昨日まで卓球部のギャグ漫画を描いていた作者が、別の日にはシリアスな人間関係を描いて映画化されたり、少年誌でロケットのごとく突き抜けた(10週打ち切りをくらった)作者が、青年誌でワインソムリエの活躍を描いてヒットさせたりと、漫画媒体の多様性を示す例は頻繁にあります。
何が飛び出すか分からない所に、漫画の面白さがある訳です。
漫画家・あずまきよひこが、4コマ漫画からストーリー漫画に挑戦して15年目、今なお表現を追求し、作画技術は年々向上しています。

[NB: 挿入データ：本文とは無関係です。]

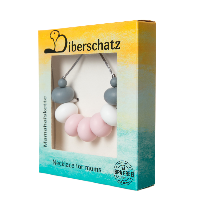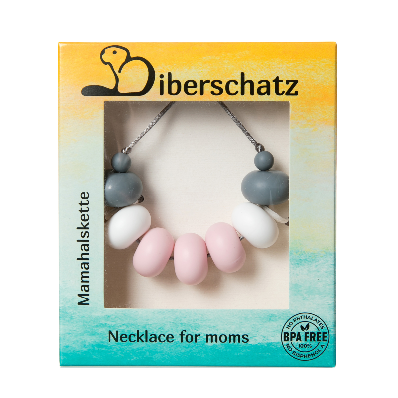 Před každým použitím náhrdelník pečlivě zkontrolujte. Při jakýchkoliv známkách poškození jej vyhoďte a nahraďte novým. Nikdy nenechávejte své dítě s tímto výrobkem bez dozoru. Kousací korále jsou určeny k nošení rodičem, nikoli dítětem, mohlo by dojít k uškrcení. Kousací korále nejsou hračka. Čištění: Před prvním použitím a po každém dalším použití kousací korále omývejte teplou mýdlovou vodou, opláchněte a důkladně osušte. Nevyvařujte jej, nedávejte jej do mikrovlnné trouby, sterilizátoru ani do myčky na nádobí. Udržujte kousací korále vždy čistý. Uchovávejte výrobek na čistém místě. Uchovejte si tyto informace pro budoucí potřebu. V souladu s evropskou normou EN71. Číslo výrobku najdete na obalu.

果たしてどこまで成長していくのか、本当に川端康成になってしまうのか。
いつか漫画家が小説家を追い抜く時に、この作者が巨匠の1人として数えられるのではないかと、願望を込めながらそう思っております。
まとめ
『よつばと!』と視点のお話、いかがでしたか?
筆者は客体視の構造を人に話す際、必ず『よつばと!』を使って説明します。
身長107cmの子供の視点からではない、大人の視点から見た世界が描かれているにも関わらず、こんなにも楽しい毎日に変化するのは、やはり作者がそれを意識し、丹念に描いているからでしょう。
読者の皆様も、この漫画に用いられている凄い技術に気付けば、きっと新しい楽しみ方を発見できると思います。